Yields in the United States have risen amid volatile trade, with all eyes on Russia and the Federal Reserve.
In tumultuous trading on Monday, benchmark 10-year Treasury yields climbed as hawkish comments from a Federal Reserve member were matched with White House signals over the weekend that a Russian invasion of Ukraine might happen at any time.
Four consecutively high US inflation readings, from October to January, justified a faster pace of Federal Reserve rate hikes, according to St. Louis Fed president James Bullard, who reiterated his proposal for a full percentage point of rate hikes by July 1.
During his remarks, the 10-year note yield climbed somewhat, but the 2-year note yield surged much quicker, and the spread between the two fell to its lowest level since July 2020.
Ukraine’s ambassador to the United Kingdom walked back comments suggesting Kyiv may rethink joining NATO as Russia built up a massive military within striking distance of its neighbor, but indicated additional concessions could be made.
Russia’s anxieties would be greatly alleviated if Ukraine gave up its desire to join the Western military alliance, according to the Kremlin.
The escalating violence has also been a drag on financial markets, dragging on riskier assets such as stocks and driving oil prices to their highest level since 2014.
“We haven’t heard anything from the Fed that suggests they’re thinking about changing policy based on the outcome of the Russian and Ukrainian elections. If tensions rise and we face an invasion, I believe the Fed will take a step back “Cresset Wealth Advisors’ chief investment officer, Jack Ablin, agreed.
“At the very least, let us know what they’re thinking. Especially when the White House warns that an invasion is on the way.”
The 10-year Treasury note yield (US10YT=RR) increased 4 basis points to 1.991 % .
The 30-year Treasury bond yield (US30YT=RR) increased 3.7 basis points to 2.292 % .
The spread between rates on two- and 10-year Treasury notes (US2US10=RR), which is seen as a measure of economic expectations, was at 39.4 basis points, the lowest since July 2020.
The two-year Treasury yield (US2YT=RR), which moves in lockstep with interest rate forecasts, was up 7.9 basis points at 1.595 % .
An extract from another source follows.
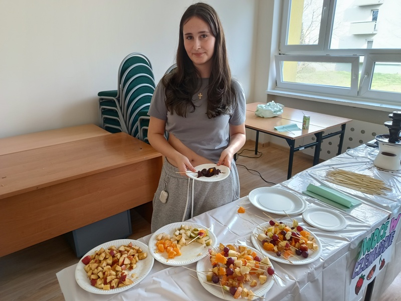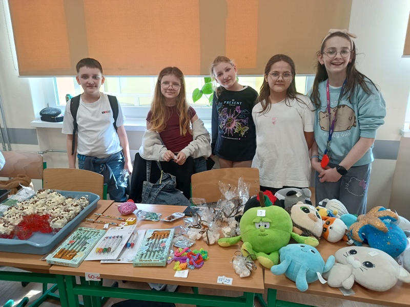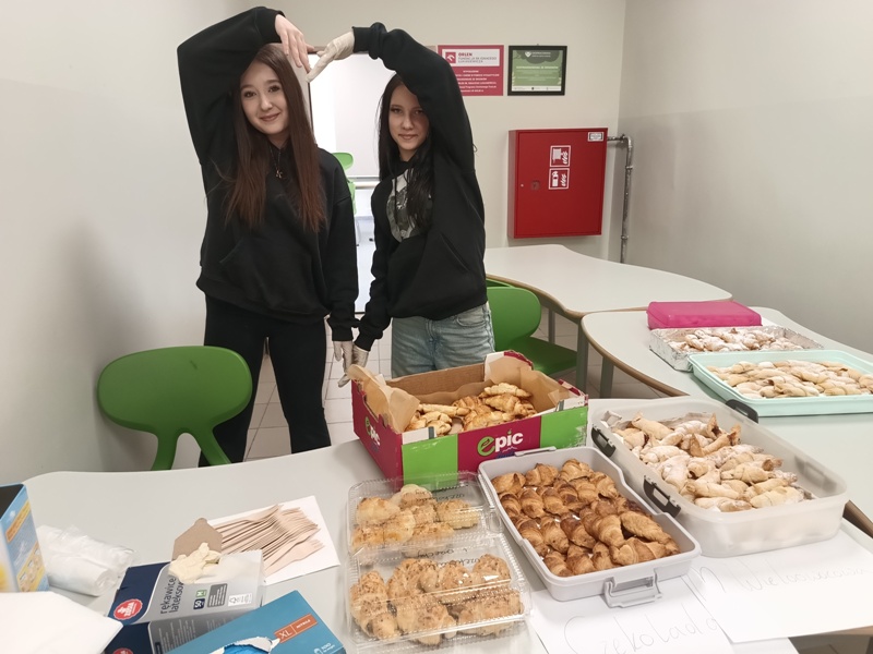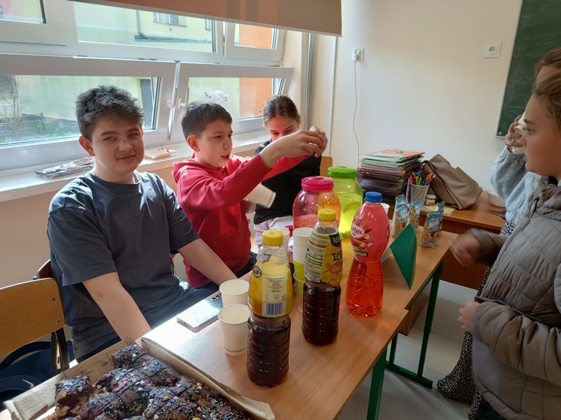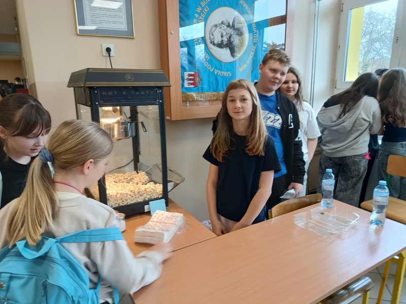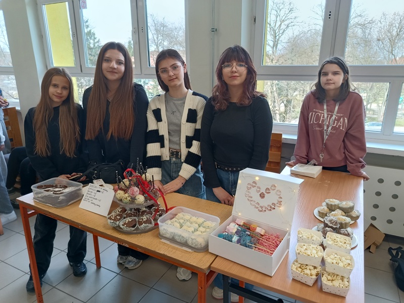 Już od rana uczniowie siedzieli jak na szpilkach, odliczając minuty do końca pierwszej lekcji. Punktualnie o 8.45, wszyscy „handlarze” z niecierpliwością i podnieceniem wystrzelili niczym z procy, by rozkładać swoje stoiska, dekorować stoły, wywieszać reklamy - słowem wszystko, co tylko można, by zwabić jak najliczniejsze grono klientów. Sądząc po efektach, cel został osiągnięty, gdyż ruch na stoiskach przypominał mrowisko. Sprzedawcy uwijali się jak w ukropie, aby zadowolić najbardziej wyrafinowane podniebienia oraz nosy, a klienci… aż mlaskali z zadowolenia (w przenośni, a czasem i dosłownie).
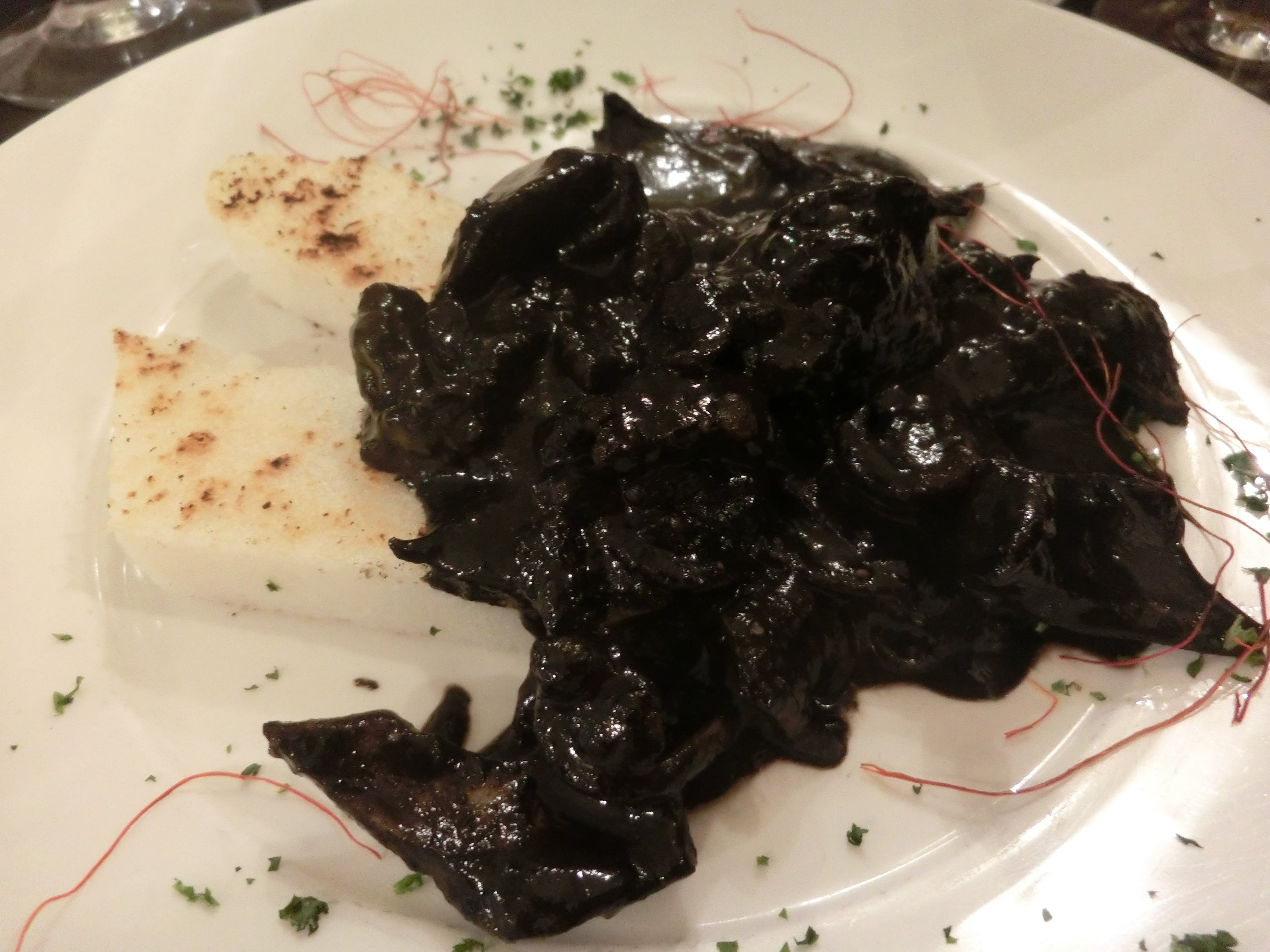 確かにすごい黒々したたっぷりのイカスミ。(添えられたのは白ポレンタ)

After closing at 2.82 % on Friday, the breakeven rate on five-year US Treasury Inflation-Protected Securities (TIPS) (US5YTIP=RR) was last at 2.8 % .
The 10-year TIPS breakeven rate (US10YTIP=RR) was 2.467 % at the time of writing.
The US dollar 5 year forward inflation-linked swap (USIL5YF5Y=R) was last at 2.366 % , according to some, a better indication of inflation expectations due to probable distortions produced by the Fed’s quantitative easing.
Fed’s Barkin: “It’s about time” for the Fed to begin normalizing policy.
In the face of high inflation and a “fundamentally strong” economy and employment market, Richmond Federal Reserve President Thomas Barkin said it was “timely” for the central bank to begin adjusting its interest rate policy.
In an interview with SiriusXM Radio, Barkin did not comment directly on the pace of Fed rate hikes, but said the time is right for authorities to gradually restore policy to pre-pandemic levels.